As I briefly mentioned in a previous blog post, I will be going back to school at the end of August for Computer Game and Simulation Design, which is my college’s fancy way of saying “video game development.” It doesn’t look like I’ll be getting financial aid this semester because of the fact that I already earned an Associate of Arts (before I knew what I wanted to do with my life), but I should be able to afford at least this semester with what I have saved up. I have an appointment to speak with a guidance counselor in a couple weeks (which is the earliest appointment they had available).

I am also in the process of starting my own independent game company. I’ve always dreamed of starting my own business, and this will give me a lot of extra industry experience by time I finish my degree in game design. It might be crazy to be starting my own company while still in school, but plenty of other people have done it, and I’m just crazy enough to give it a shot. My plan is to start out small and offer my first few releases for free (supported by ads on the download pages) to generate buzz around my company while I gain more game making experience before actually trying to sell anything.

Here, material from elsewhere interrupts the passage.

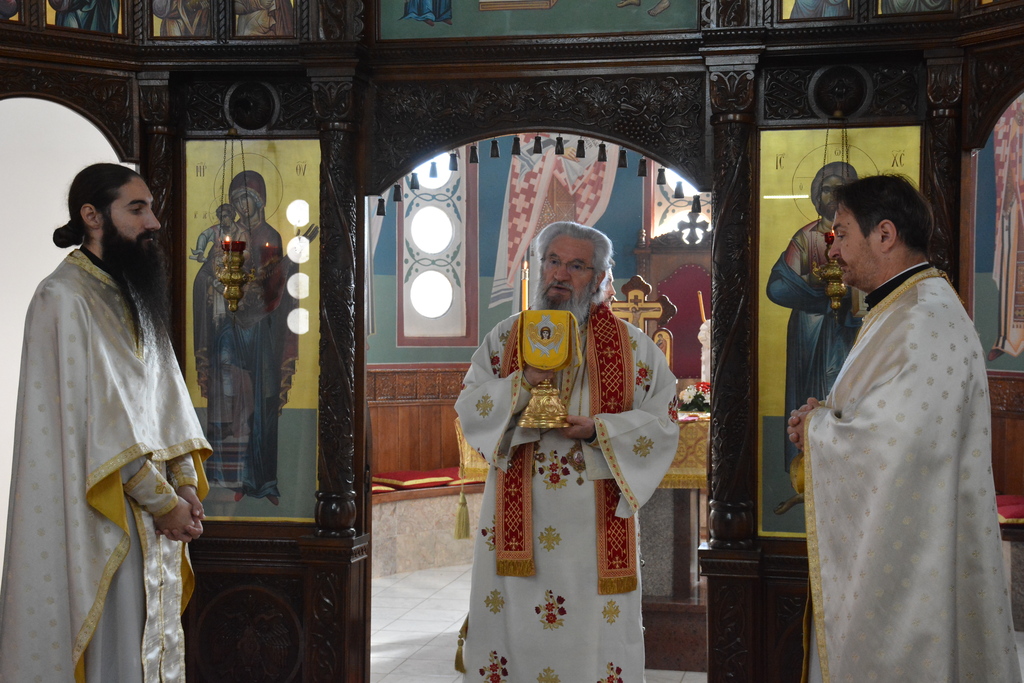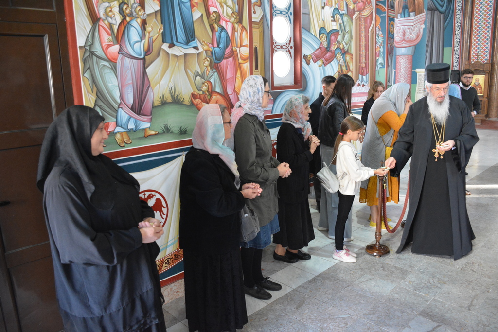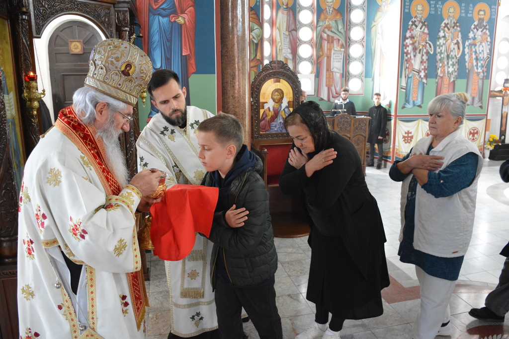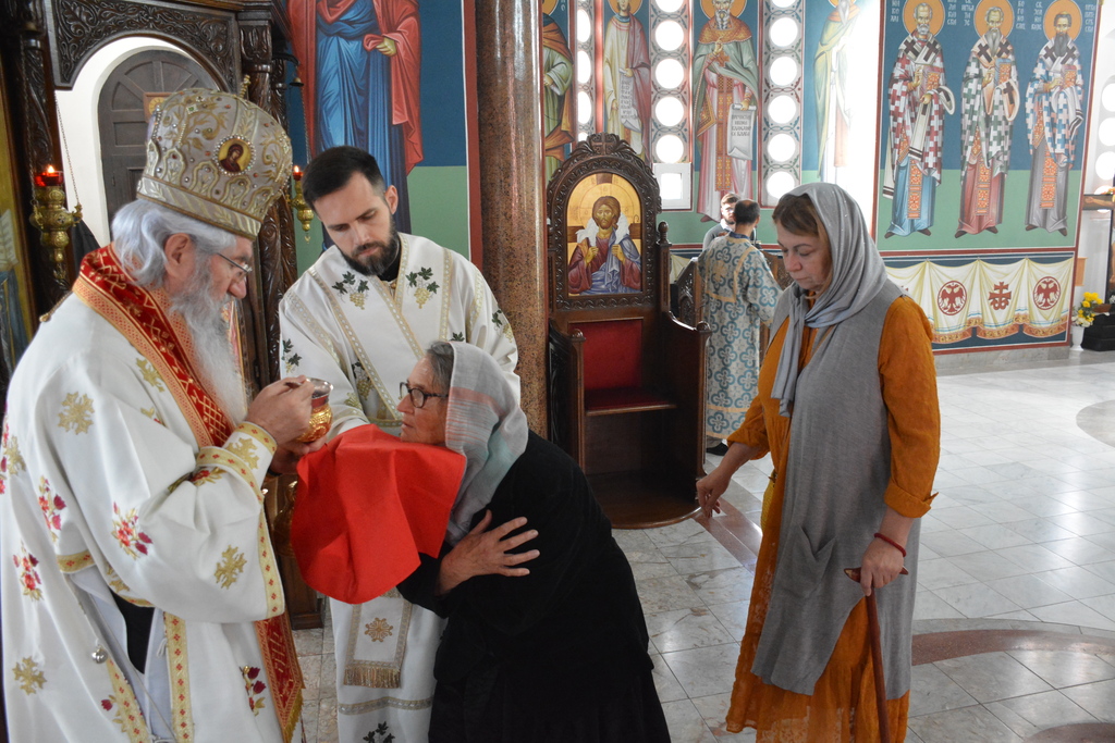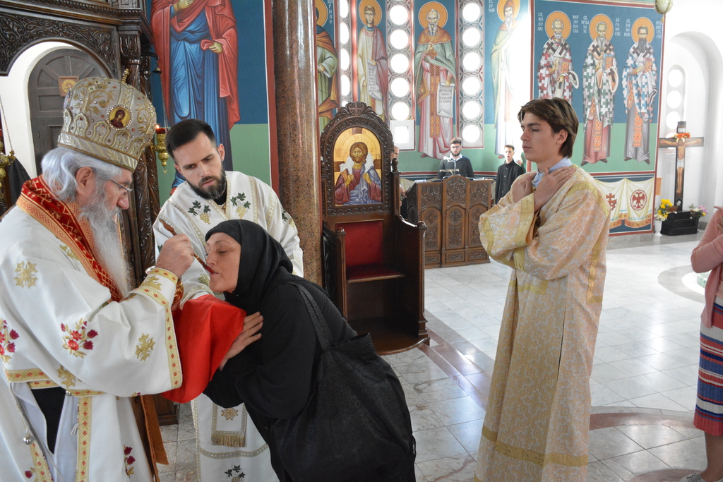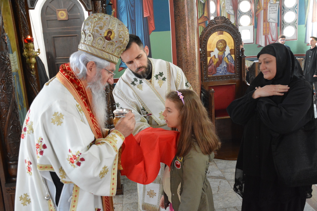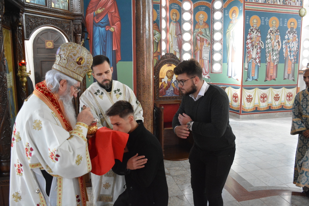 У наставку Преосвећени је причестио верни народ Телом и Крвљу Господњом и подсетио све верне на један поучан пример из живота Светог Владике Николаја, на духовно укрепљење и радост: „Када је владика Николај рукоположио једног младог свештеника у Македонији и поставио у неком месту, и овај мученик у току дана је бивао на парохији, али ноћу када би се звери чуле побегао би. И дошао је код светог Владике у Охрид и каже: „Свети Владико не смем да живим овде, моја жена и деца се плаше“. Владика га саветује као да је то ватрено крштење, да треба да победи себе, да се моли, и он тако охрабрен речима Владике Николаја оде и опет побегне. И тако је чинио неколико пута, и он је наставио да долази код владике само да га премести, мислећи да ће на другом месту да му буде боље. На крају владика Николај кад је он дошао он му да неку књигу да чита и не разговара са њим. И овај када је схватио и када је видео да он има борбу у себи, Владика Николај је клекнуо пред иконом Христовом и казао: „Боже опрости ми што сам овог човека рукоположио за свештеника када њему ни благодат Твоја није довољна“. Чувши овај свештеник узео је благослов, отишао у своју парохију, и додао је после Владика Николај да је тај свештеник остао на том месту све време свештеничке службе и Владика додаје и каже та парохија није била парохија, то је био прави монашки манастир.“

I’ve just started a new social media project on an independent contractor basis, so I’ll have some money coming in. I haven’t yet figured out what I’m going to do about my regular job. I don’t think I’ll be able to work 40 hours a week between the two jobs, plus work on getting my own company up and running, plus going to school full time. I don’t want my school work to suffer from lack of time that I’m able to spend on homework and studying.

Aside from applying for tons of scholarships for next semester and beyond, I’m brainstorming other ways to fund my education, such as crowd-funding. Have you tried crowd-funding to pay for your college tuition? Please post in the comments of this post what your experiences have been, both positive and negative.

Also, I’d like to hear from anyone else who has majored in game design or started their own indie game studio. How did you like your classes? If you already graduated, what are you doing now? If you own an indie game studio, how successful have you been thus far?

I’d really like to hear from anyone who’s on a similar career path. In this modern internet age, networking with like-minded individuals is probably one of the most important things you can do to become successful in your career.

I’ll keep this blog updated with my progress in school and in my indie game business.

(I don’t have an appropriate picture for this post, so I’ll just use a random Grunt enjoying his Grunt Birthday Party that I took on my phone many months ago.)